No Freestep, saying BYB getting trashed is NOT like saying dog fighters get trashed. No where close.Not even in the same catagory and a pretty ridiculous comparison..

Maybe I will call them "small family breeders" from now on
.
I have bought dogs from BYB and from well known kennels .The California dog had severe HD at a year old. I bought one from a big show kennel, she was so neurotic she spent her time climbing on anyone's back that she could reach and developed major immune issues. I have bought a few from SFB and had no health issues,no temperament issues,nothing.
I have seen clients bring in $2000 puppies from big kennels and they are walking diaster areas, I have seen $2000 puppies that are great. I have also seen plenty of SFB puppies that have had issues and some that lived till 15 and older without any health issues.Just because a dog is bought for lots of money is not a guarantee it will be healthy and I know plenty of big kennels that manage to not replace or refund money for bad puppies because they figure out a way to make the new owner responsible for the health issues, no matter what the vet says.
I just feel it is sad that someone like the OP comes on board and asks a question about losing his puppy and the first things posted are things like" take him back and go to a big breeder, oh BYB, you would be better off taking him back and getting your money back, go to a rescue.It happens with a sick puppy also," if you had bought from a big breeder, your puppy would not be sick".
Why cant anyone be happy for a poster that is excited about a new puppy? Instead of bashing the choice they made,how come that person can't be welcomed and helped instead of the instant" bad choice, worthless dog/puppy" comments.
I would no more pay $2000+ for a puppy in this economy, but have no problems paying for the best health care/food/training.I am sure there are plenty like me who want a GSD or whatever breed and just can't put out that much cash to purchase one, but have no issues with any other expense.Doesn't make a person stupid or dumb or ignorant, just means they get their "heart dog"from a small family breeder.


----------



## llombardo

wyominggrandma said:


> I would no more pay $2000+ for a puppy in this economy, but have no problems paying for the best health care/food/training.I am sure there are plenty like me who want a GSD or whatever breed and just can't put out that much cash to purchase one, but have no issues with any other expense.Doesn't make a person stupid or dumb or ignorant, just means they get their "heart dog"from a small family breeder.

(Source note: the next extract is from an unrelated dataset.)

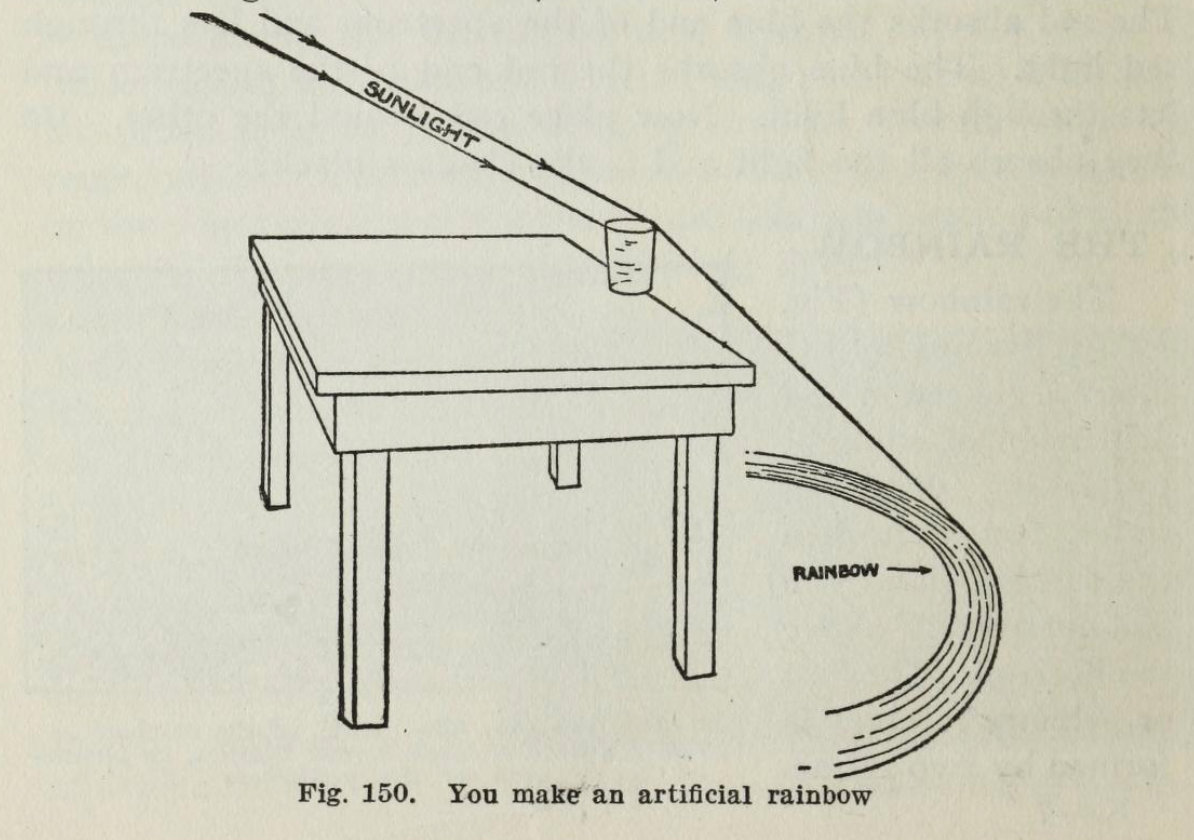 더욱 간접적인 실험적 접근 방식은 유사한 굴절 기하학을 찾는 것이다. 예를 들어, 환천정호, 환수평호, 패리호는 회전 대칭(즉, 비각주) 정적 물체를 통한 굴절에 의해 재현될 수 있다.[9] 특히 물컵을 이용한 간단한 실험으로 화려한 환천정호와 환수평호를 인공적으로 재현할 수 있다. 물이 채워진 원통형 컵을 통한 굴절은 육각 얼음 결정체를 통과하는 굴절과 거의 동일하여 생생한 색상의 환천정호와 환수평호를 만든다. 이 실험은 1920년부터 알려져 있었으며, 종종 무지개를 나타내는 것으로 오해되기도 한다.[10]

:thumbup: and $2000 is still way to much for me


----------



## dazedtrucker

Beau said:


> OP, you went to pick out a dog from a breeder. You chose one and asked the breeder if the dog was available. The breeder looked at the collar identification, told you yes it was available..ACCEPTED you money and wrote you a receipt. Transaction completed.
> 
> The breeder then shows up at you home, claiming he sold you the wrong dog. It was his mistake, not yours. The fact that you have a male puppy and the receipt says female, is irrelevant. The breeder wrote the wrong gender on the receipt. Again, his fault, not yours.
> 
> You have the puppy that you want. You will care for it and love it. End of story.
> 
> If you decide to keep the puppy, and I think you should, then immediately have it micro-chipped and file a non-emergency report with the police to get your side of the story on record. That way if something happens in the future, you've established a record beforehand of the facts to support your position.
> 
> Good luck!


ITA. Sounds like a sucky situation, but this is exactly what I would do if it were me. Good luck!


----------



## lorihd

well im sure the law differs from state to state, If it were me, i would keep the puppy and tell the breeder to go pound salt! the mistake was on his part and im certain he has no intention of taking you to court. The nerve to ask for additional money to keep him, just amazing how many scum are out there. well good luck to you and enjoy your new puppy


----------



## shepherdmom

Lucy Dog said:


> You took the puppy home at 6 weeks? You paid $400 for the puppy? The breeder can't tell the difference between a male and female puppy?!?
> 
> Give the puppy back to the backyard breeder, get your money back, and go with a completely different breeder.
> 
> Not the advice I'd normally give, but given the situation where the puppy is from, I'd give the puppy back and find another breeder without hesitation. It's the best decision for the long run.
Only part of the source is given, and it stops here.